The following is an example of the GoldenGate details:
33 00 00 72 # Type=33 (3) Flag=0 Len=114 <46_33> 30 00 00 05 # Type=30 (0) Flag=0 Len=5 <46_33_30> # Extract Process # String Len = 3 (0x3) EX1 </46_33_30> 31 00 00 02 # Type=31 (1) Flag=0 Len=2 <46_33_31> 00 03 </46_33_31> 32 00 00 02 # Type=32 (2) Flag=0 Len=2 <46_33_32> 00 0B </46_33_32> 33 00 00 02 # Type=33 (3) Flag=0 Len=2 <46_33_33> 00 02 </46_33_33> 34 00 00 02 # Type=34 (4) Flag=0 Len=2 <46_33_34> 00 01 </46_33_34> 35 00 00 02 # Type=35 (5) Flag=0 Len=2 <46_33_35> 00 00 </46_33_35> 36 00 00 02 # Type=36 (6) Flag=0 Len=2 <46_33_36> 00 01 </46_33_36> 37 00 00 41 # Type=37 (7) Flag=0 Len=65 <46_33_37> # GoldenGate Version # String Len = 63 (0x3F) Version 11.2.1.0.1 OGGCORE_11.2.1.0.1_PLATFORMS_120423.0230_FBO </46_33_37> </46_33>
The following table describes the sub records within this record:
Type | Description |
---|---|
0x30 | Extract Process name e.g. EX1 |
0x31 | Purpose is unknown. Currently only observed as a 2 byte record with the following contents: 00 03 |
0x32 | 2 byte number – GoldenGate version number part 1 of 5 e.g. 0x00 0x0B = 11 decimal |
0x33 | 2 byte number – GoldenGate version number part 2 of 5 e.g. 0x00 0x02 = 2 decimal |
0x34 | 2 byte number – GoldenGate version number part 3 of 5 e.g. 0x00 0x01 = 1 decimal |
0x35 | 2 byte number – GoldenGate version number part 4 of 5 e.g. 0x00 0x00 = 0 decimal |
0x36 | 2 byte number – GoldenGate version number part 5 of 5 e.g. 0x00 0x01 = 1 decimal |
0x37 | String – GoldenGate versionFor example:Version 11.2.1.0.1 OGGCORE_11.2.1.0.1_PLATFORMS_120423.0230_FBO |
The type field for an unknown details record is 0x34 (4).

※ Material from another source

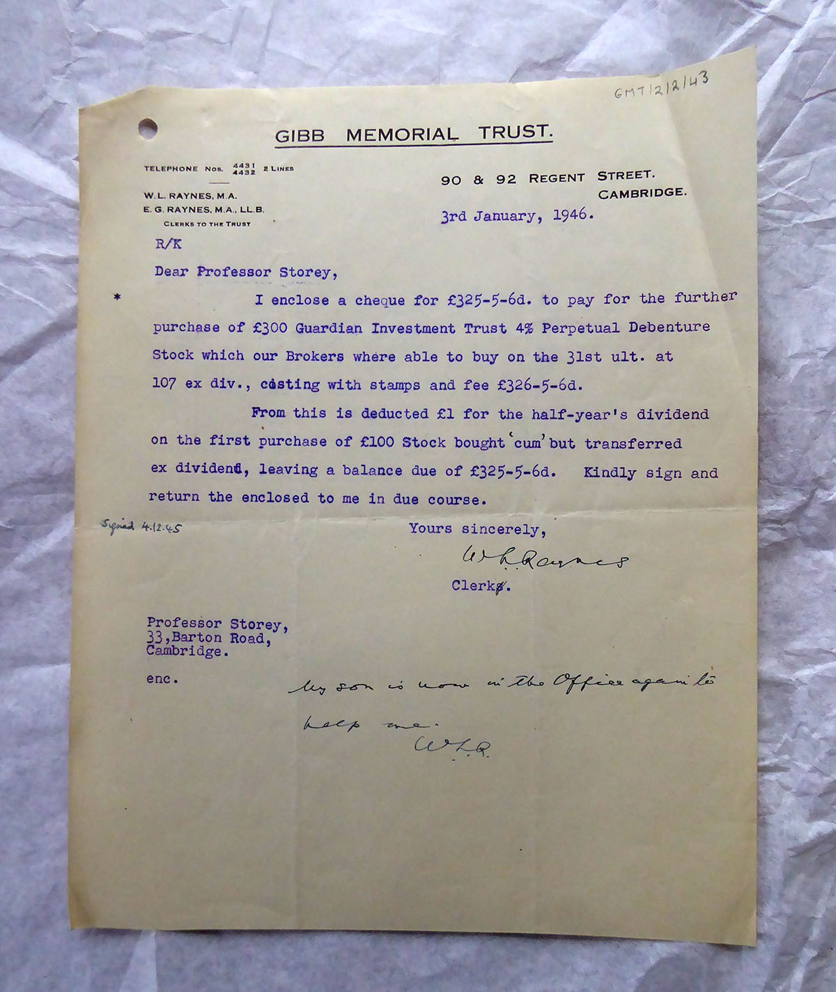 The Trust used the solicitors, W.L and E.G. Raynes, to carry out their administrative business. Father and son, working from Cambridge, E.G. Raynes, it seems, was being groomed to take over his father’s business. However when WWII broke out, E.G. Raynes disappeared from the office, presumably to serve in the armed forces and his father took up all the reins again. I’m pleased to report that E.G. Raynes made it back to resume his position as the note on this letter of the 3rd January 1946 informs:

The following is an example of the unknown details:
<46_34> 30 00 00 04 # Type=30 (0) Flag=0 Len=4 <46_34_30> 00 00 00 01 </46_34_30> </46_34>
The following table describes the sub record within this record:
Type | Description |
---|---|
0x30 | Purpose is unknown. Currently only observed as a 4 byte record with the following contents: 00 00 00 01 |
The file body consists of one or more records with type field 0x47 (G).
Each record is followed by a terminator record with type field 0x5A (Z)
Each record contains up to three sub record types.
The top level record types are:
Type | Description |
---|---|
0x44 | Data |
0x48 | Header |
0x54 | Transaction |
The header record has a type field value of 0x48 (H)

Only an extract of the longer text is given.